Available data
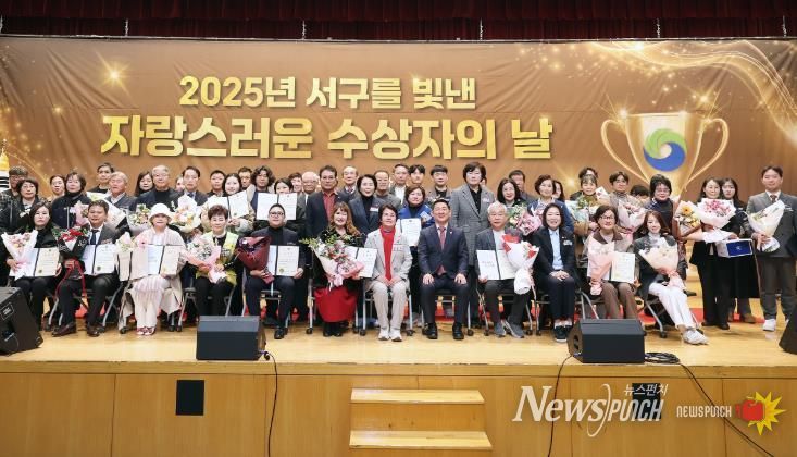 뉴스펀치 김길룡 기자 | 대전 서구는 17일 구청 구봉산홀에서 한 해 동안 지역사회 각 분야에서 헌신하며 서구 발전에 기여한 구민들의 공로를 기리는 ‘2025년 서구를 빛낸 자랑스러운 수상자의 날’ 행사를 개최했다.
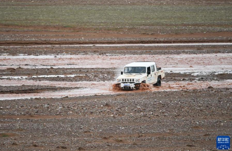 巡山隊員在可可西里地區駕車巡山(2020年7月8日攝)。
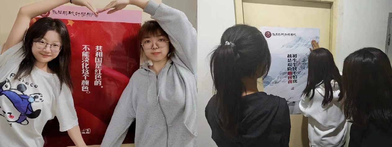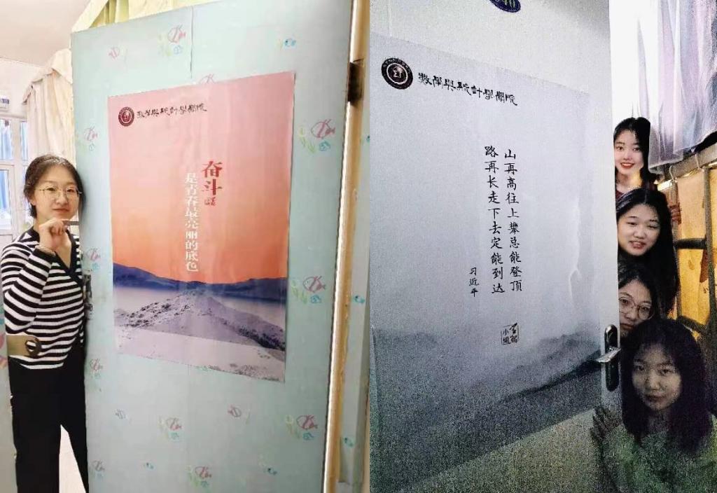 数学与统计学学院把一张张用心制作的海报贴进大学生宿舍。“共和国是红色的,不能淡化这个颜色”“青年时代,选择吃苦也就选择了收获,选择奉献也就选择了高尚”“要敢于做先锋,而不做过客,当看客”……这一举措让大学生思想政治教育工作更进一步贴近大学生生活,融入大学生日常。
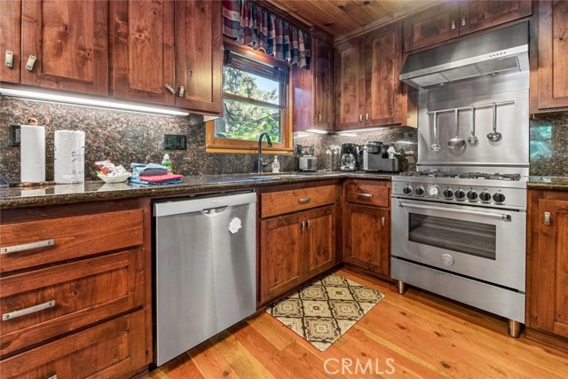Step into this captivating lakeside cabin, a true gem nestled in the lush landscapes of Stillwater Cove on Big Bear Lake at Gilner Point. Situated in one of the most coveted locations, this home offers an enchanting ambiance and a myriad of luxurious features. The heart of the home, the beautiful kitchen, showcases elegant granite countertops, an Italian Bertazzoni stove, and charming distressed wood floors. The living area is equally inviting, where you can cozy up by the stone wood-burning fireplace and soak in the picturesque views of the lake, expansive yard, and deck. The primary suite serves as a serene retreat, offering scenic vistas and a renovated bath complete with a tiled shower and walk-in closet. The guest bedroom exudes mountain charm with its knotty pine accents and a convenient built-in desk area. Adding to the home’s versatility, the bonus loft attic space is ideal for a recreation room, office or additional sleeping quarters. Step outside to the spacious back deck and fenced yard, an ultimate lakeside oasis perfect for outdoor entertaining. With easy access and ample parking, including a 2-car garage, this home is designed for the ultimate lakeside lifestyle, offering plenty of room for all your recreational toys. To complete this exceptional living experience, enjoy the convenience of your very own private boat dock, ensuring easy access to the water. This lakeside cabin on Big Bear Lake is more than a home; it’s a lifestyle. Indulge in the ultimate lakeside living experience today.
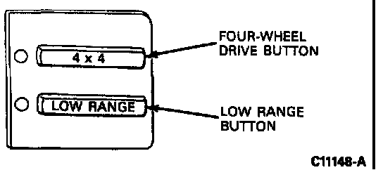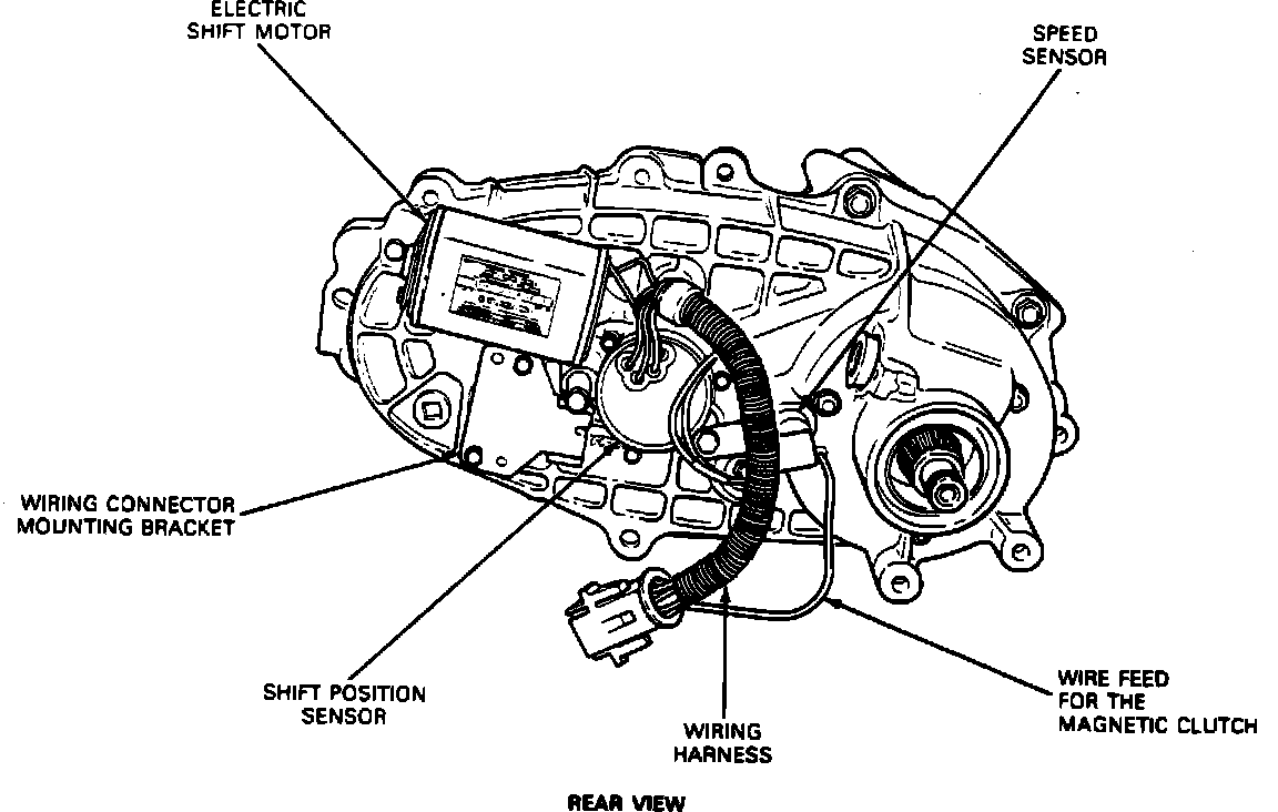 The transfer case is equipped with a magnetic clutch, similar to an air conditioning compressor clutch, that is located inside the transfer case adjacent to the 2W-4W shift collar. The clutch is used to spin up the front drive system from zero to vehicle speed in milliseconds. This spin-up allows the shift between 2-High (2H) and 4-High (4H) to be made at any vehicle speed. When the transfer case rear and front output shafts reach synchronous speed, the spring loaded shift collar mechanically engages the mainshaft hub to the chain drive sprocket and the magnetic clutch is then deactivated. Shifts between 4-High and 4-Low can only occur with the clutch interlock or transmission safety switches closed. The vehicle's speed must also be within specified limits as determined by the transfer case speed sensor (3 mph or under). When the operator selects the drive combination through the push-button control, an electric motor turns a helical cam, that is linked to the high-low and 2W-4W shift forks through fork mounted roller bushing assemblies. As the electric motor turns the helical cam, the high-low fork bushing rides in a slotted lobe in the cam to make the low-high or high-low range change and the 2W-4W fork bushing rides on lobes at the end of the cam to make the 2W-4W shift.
* * *
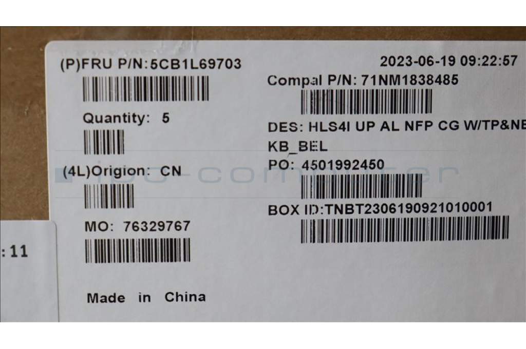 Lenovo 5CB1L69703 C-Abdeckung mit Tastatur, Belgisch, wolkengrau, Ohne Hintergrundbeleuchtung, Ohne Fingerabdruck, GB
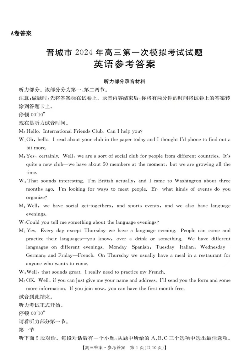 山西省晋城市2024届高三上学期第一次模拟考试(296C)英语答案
...
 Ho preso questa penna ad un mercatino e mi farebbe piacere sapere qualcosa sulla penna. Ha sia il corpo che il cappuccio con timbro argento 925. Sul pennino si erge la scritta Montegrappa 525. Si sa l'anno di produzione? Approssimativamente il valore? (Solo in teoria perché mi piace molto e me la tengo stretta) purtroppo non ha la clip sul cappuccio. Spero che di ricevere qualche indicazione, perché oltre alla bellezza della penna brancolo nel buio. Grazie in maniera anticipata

Activity
What's needed is an exact copy of the lines above from the one with "뉴스펀치 김길룡 기자" through the one with "数学与统计学学院把一张张用心", both included; the pictures stay out.

Answer section
 뉴스펀치 김길룡 기자 | 대전 서구는 17일 구청 구봉산홀에서 한 해 동안 지역사회 각 분야에서 헌신하며 서구 발전에 기여한 구민들의 공로를 기리는 ‘2025년 서구를 빛낸 자랑스러운 수상자의 날’ 행사를 개최했다.
 巡山隊員在可可西里地區駕車巡山(2020年7月8日攝)。
 数学与统计学学院把一张张用心制作的海报贴进大学生宿舍。“共和国是红色的,不能淡化这个颜色”“青年时代,选择吃苦也就选择了收获,选择奉献也就选择了高尚”“要敢于做先锋,而不做过客,当看客”……这一举措让大学生思想政治教育工作更进一步贴近大学生生活,融入大学生日常。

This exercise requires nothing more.